══ Recorded data
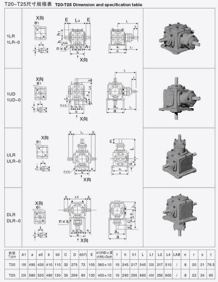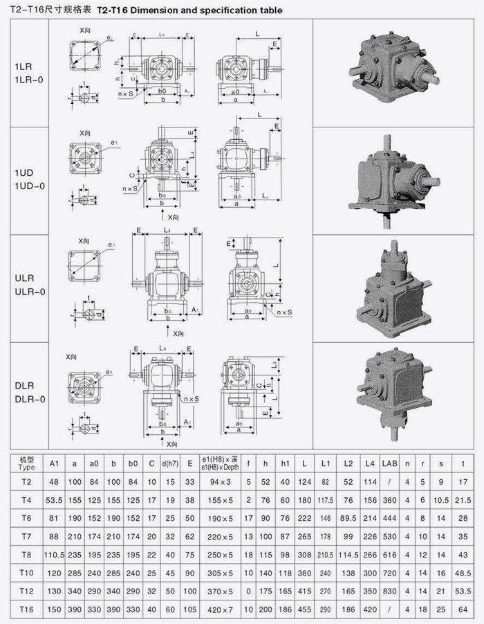 T系列螺旋傘齒輪轉向箱尺寸規格表
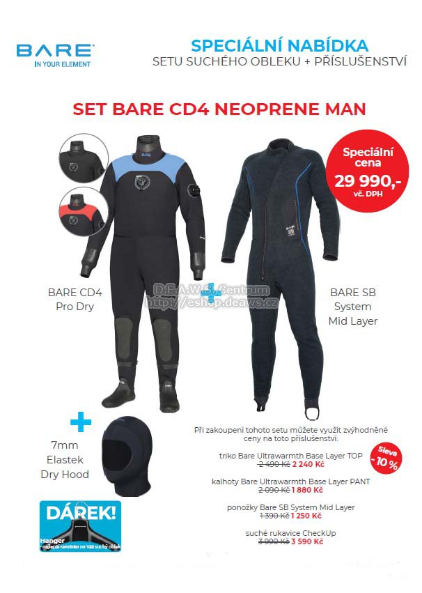 AKCE - DIVELOCAL 2022 - aneb podporujeme suché potápění. V rámci této speciální akce značek URSUIT a BARE jsme pro Vás připravili zvýhodněné balíčky se suchými obleky, podobleky a doplňky. Při objednávce tohoto setu si do poznámky dejte velikosti a případný výběr dalších doplňku dle voleb, barevných variant a velikostí v textu. Veškeré detaily s Vámi doladíme k Vaši plnné spokojenosti a komfortnímu padnutí celé sestavy.POZNÁMKA - neplaťte prosím tedy objednávku předem bankovním převodem ani kartou. Po přesné specifikaci a doladění všech doplňků vám bude zaslána následně kompletní výzva k platbě za celou Vaši objednávku! Děkujeme.BARE CD4 Pro Dry „Skvělý oblek z hyperkomprimovaného neoprenu“ Oblek vhodný pro začátečníka nebo každého, komu bývá zima. Komprimovaný neopren Vás skvěle ochrání proti chladu i rozdílu tlaků na různých hloubkách. Vysoce hodnotný oblek se zadním zipem pro snadné oblékání.
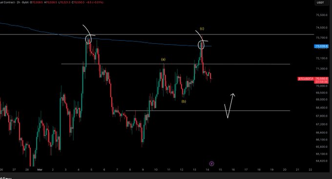 Good rejection from the AVWAP followed by an ABC rejection. I would argue this weekend we see more downside. Liquidity sits below us, and i would argue below $71,400 this downside would accelerate.
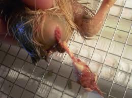 Ya, yuck. That's the cord and membranes. The navel is a bit open yet. You can put a damp paper towel in the bator on the screen floor and put her on that and wait it out, or tie it and cut it off closer to the navel. If it's still there, just don't pull on it.
════
■ Work task: Through the line containing "Good rejection from" and no further, restate the data above word for word from its first line, leaving out pictures.

■ Solution to this exercise:
 T系列螺旋傘齒輪轉向箱尺寸規格表
 AKCE - DIVELOCAL 2022 - aneb podporujeme suché potápění. V rámci této speciální akce značek URSUIT a BARE jsme pro Vás připravili zvýhodněné balíčky se suchými obleky, podobleky a doplňky. Při objednávce tohoto setu si do poznámky dejte velikosti a případný výběr dalších doplňku dle voleb, barevných variant a velikostí v textu. Veškeré detaily s Vámi doladíme k Vaši plnné spokojenosti a komfortnímu padnutí celé sestavy.POZNÁMKA - neplaťte prosím tedy objednávku předem bankovním převodem ani kartou. Po přesné specifikaci a doladění všech doplňků vám bude zaslána následně kompletní výzva k platbě za celou Vaši objednávku! Děkujeme.BARE CD4 Pro Dry „Skvělý oblek z hyperkomprimovaného neoprenu“ Oblek vhodný pro začátečníka nebo každého, komu bývá zima. Komprimovaný neopren Vás skvěle ochrání proti chladu i rozdílu tlaků na různých hloubkách. Vysoce hodnotný oblek se zadním zipem pro snadné oblékání.
 Good rejection from the AVWAP followed by an ABC rejection. I would argue this weekend we see more downside. Liquidity sits below us, and i would argue below $71,400 this downside would accelerate.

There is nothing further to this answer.